O segundo aspecto importante em relação ao politeísmo dos valores é o fato de que os antagonismos ou as tensões apresentadas entre esferas tenderam potencialmente a se mostrarem e se exacerbarem na proporção em que passaram a asseverar suas finalidades últimas.

Ao ganharem consistência na cultivação histórica, os fins perseguidos nas ações humanas configuram-se como se fossem exclusivos. Ainda que existam em co-presença e possam carregar aspectos comuns alusivos a uma mesma contemporaneidade – assim como firmarem apoios mútuos –, os fins cultivados não mais se confundem ou aceitam relações de subordinação a outras finalidades. Passam, pois, a experimentar um grau notável de nomadismo. Daí a imagem weberiana do “politeísmo de fins” como marca genética da cultura, mas alusiva, de modo especial, à modernidade e seu povoamento por múltiplos cursos de racionalizações que se afiguram como

76 “individualidades históricas”. (NOBRE, 2016, p. 156, aspas do autor).

Desse modo, à medida que as “racionalizações do irracional” vão se tornando significativas, como a criação e o gozo, de modo a se imporem assumidamente e enlevadas de forma consciente, surge um distanciamento ético ou uma repulsa contundente das condutas que se posicionam antagonicamente. Como, por exemplo, é o caso da arte e do erotismo em relação ao cristianismo (NOBRE, 2016, p.157).

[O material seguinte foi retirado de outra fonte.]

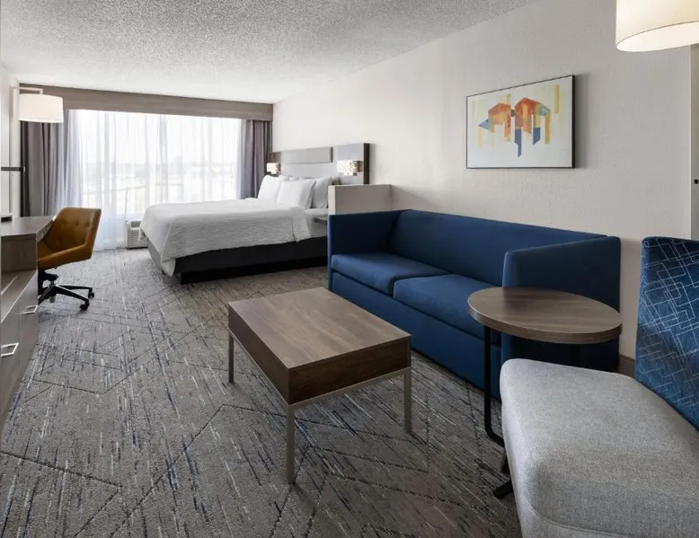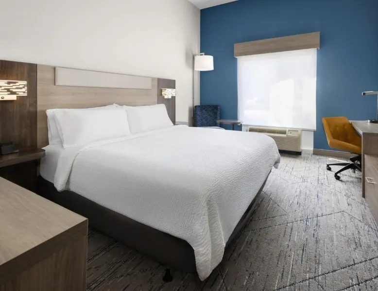 Comfortable Accommodations: Holiday Inn Express and Suites Newberry by IHG in Newberry offers air-conditioned rooms with private bathrooms, free WiFi, and modern amenities. Each room includes a work desk, seating area, and TV. Facilities and Services: Guests can enjoy a fitness center, indoor swimming pool, hot tub, and public bath. Additional facilities include a 24-hour front desk, minimarket, business area, and express check-in and check-out services. Breakfast and Dining: A continental, American, or buffet breakfast is served daily, featuring juice, fresh pastries, pancakes, cheese, and fruits. The property also offers a fitness room and a elevator for added convenience. Location and Attractions: Located 40 mi from Columbia Metropolitan Airport and 29 mi from Lake Greenwood State Recreation Area, the hotel provides easy access to local attractions. Highly rated for its attentive staff, excellent breakfast, and clean rooms. This room features a flat-screen TV, microwave, and small refrigerator.

Entretanto, por esse ângulo, em relação ao exame dos resultados da valorização dos elementos irracionais e indomados da vida na modernidade, o interessante não são as tensões com a moral religiosa ou com as tradições. O importante são os conflitos típicos da contemporaneidade, suas disputas no interior de sua própria cultura, entre os estilos de vida que valorizam experiências, contravenções e atitudes, alternativamente aos arranjos do racionalismo de domínio do mundo.

Assim, no cômputo geral das variadas racionalizações que configuram a modernidade do ponto de vista de Weber, estabelecem-se novas tensões relativas aos fins cultivados, explicitados e valorizados, especialmente a tensão entre cotidianidade racional e extracotidianidade irracional, entre vida mental e vida instintual, entre sentido profissional e sentido vital, entre disciplina e extravagância, entre adaptação e intempestividade, entre normalidade e excepcionalidade. [...]

As perspectivas artística e erótica, como modos de vida cultivados em conversas de salões, narrativas literárias, performances existenciais, círculos eróticos, movimentos de contracultura, ideais libertinos ou transfiguradores da vida, todos eles estilos de vida que valorizam experiências, transgressões e deslocamentos são perspectivas que se apresentam, em simbologia e atitudes, como alternativas à manipulação do corpo e da alma pelas “frias mãos esqueléticas” do racionalismo de domínio do mundo (NOBRE, 2016, p. 159).

É exatamente esta a pista que deve ser perseguida, de que do conjunto das esferas tipicamente “irracionais”, ou mais precisamente, do desenvolvimento das racionalizações que possuem características mais valorativas, impulsionadas pelo contexto da “sociedade pós- industrial”, emergiu um hedonismo cultural que fortaleceu e reorientou a arte e o erotismo, transformando os estilos de vida, as experiências individuais e os ideais da modernidade, intensificando as tensões enumeradas acima por Nobre (2016). Esses são fenômenos afins com os processos de internalização e subjetivação identificados por Weber, bem como com a ascensão da individualidade moderna dotada de reflexividade e pautada na autorreferencialidade do indivíduo. Assim, para além da hegemonia da racionalidade, esses elementos culturais passariam a influenciar de forma contundente as demais esferas da vida social.